[<prev] [next>] [<thread-prev] [day] [month] [year] [list]
Message-ID: <20220902195324.15a9ae30@kernel.org>
Date: Fri, 2 Sep 2022 19:53:24 -0700
From: Jakub Kicinski <kuba@...nel.org>
To: Kees Cook <keescook@...omium.org>
Cc: Pablo Neira Ayuso <pablo@...filter.org>,
Jozsef Kadlecsik <kadlec@...filter.org>,
Florian Westphal <fw@...len.de>,
"David S. Miller" <davem@...emloft.net>,
Eric Dumazet <edumazet@...gle.com>,
Paolo Abeni <pabeni@...hat.com>,
syzbot <syzkaller@...glegroups.com>,
netfilter-devel@...r.kernel.org, coreteam@...filter.org,
netdev@...r.kernel.org,
Harshit Mogalapalli <harshit.m.mogalapalli@...cle.com>,
linux-kernel@...r.kernel.org, linux-hardening@...r.kernel.org
Subject: Re: [PATCH v3] netlink: Bounds-check struct nlmsgerr creation
On Fri, 2 Sep 2022 16:08:01 -0700 Kees Cook wrote:
> > - if (extack->cookie_len)
> > - tlvlen += nla_total_size(extack->cookie_len);
> > + if (extack->_msg &&
> > + check_add_overflow(*tlvlen, nla_total_size(strlen(extack->_msg) + 1), tlvlen))
> > + return false;
>
> If that's not desirable, then I guess the question I want to ask is
> "what can I put in the unsafe_memcpy() comment above that proves these
> values have been sanity checked? In other words, how do we know that
> tlvlen hasn't overflowed? (I don't know what other sanity checking may
> have already happened, so I'm looking directly at the size calculations
> here.)
The netlink helpers for adding attributes check whether there is enough
space left in the skb. So if the calculation overflows, so be it. We'll
hit EMSGSIZE in the writing phase and unwind. The writing should make
no assumptions about the skb size. In fact all dumps will routinely hit
EMSGSIZE as we try to fit as many objects into a skb as possible, so we
unwind the one that would go over. Unwinding is well exercised in a lot
of netlink code (not here, MSG_DONE/MSG_ERROR ain't a dump).

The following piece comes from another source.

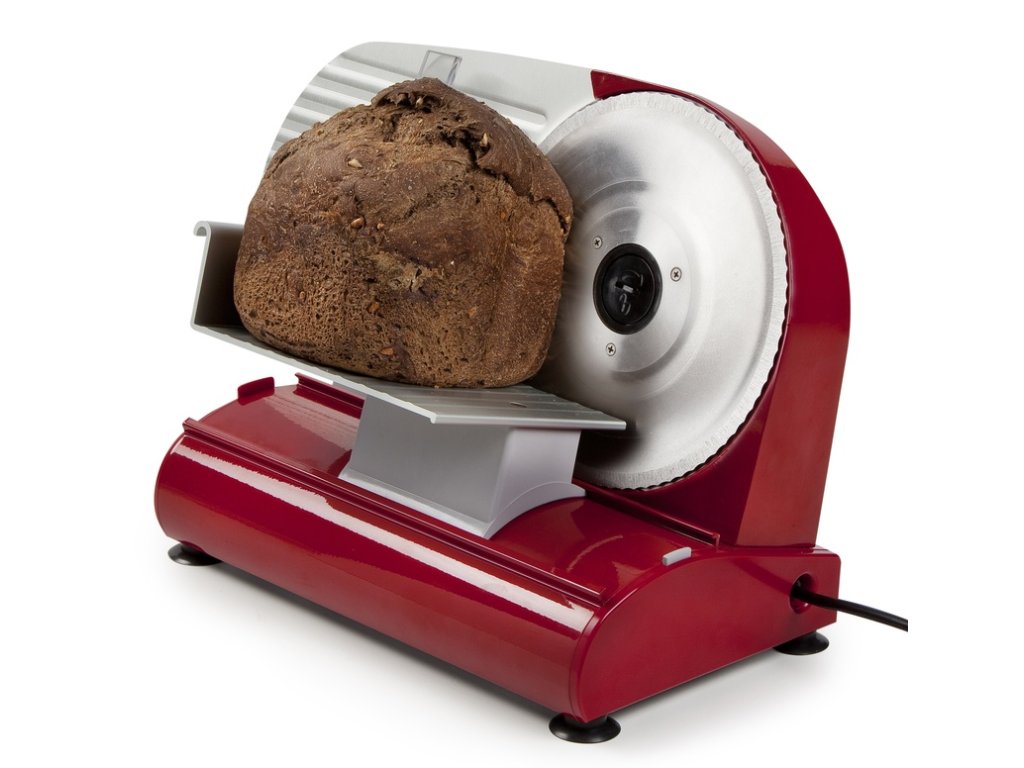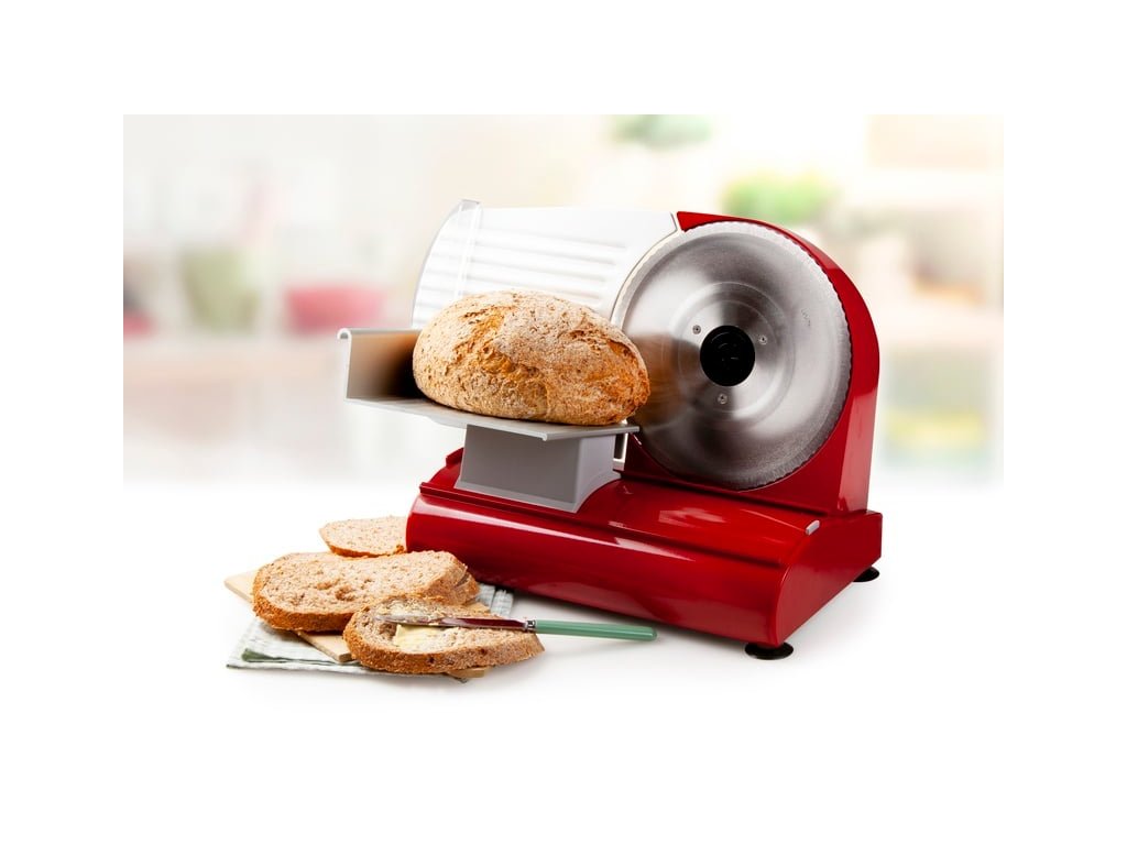 Elektrický kráječ potravin se díky svým kompaktním rozměrům a skládací desce snadno vejde do každé kuchyně a na každou pracovní desku. Na kráječi lze snadno na stejnoměrné plátky nakrájet i čerstvý chléb, tvrdší uzeniny, sýry i zeleninu (např. okurku).

The pre-calculation is just an estimate, if the message size ends up
being insane it really doesn't matter if the calculation is 0, INT_MAX
or random(). User is not gonna get a response, anyway.
... unless someone uses the unsafe helpers like __nlmsg_put() rather
than nlmsg_put(), hence my suggestion in the other email.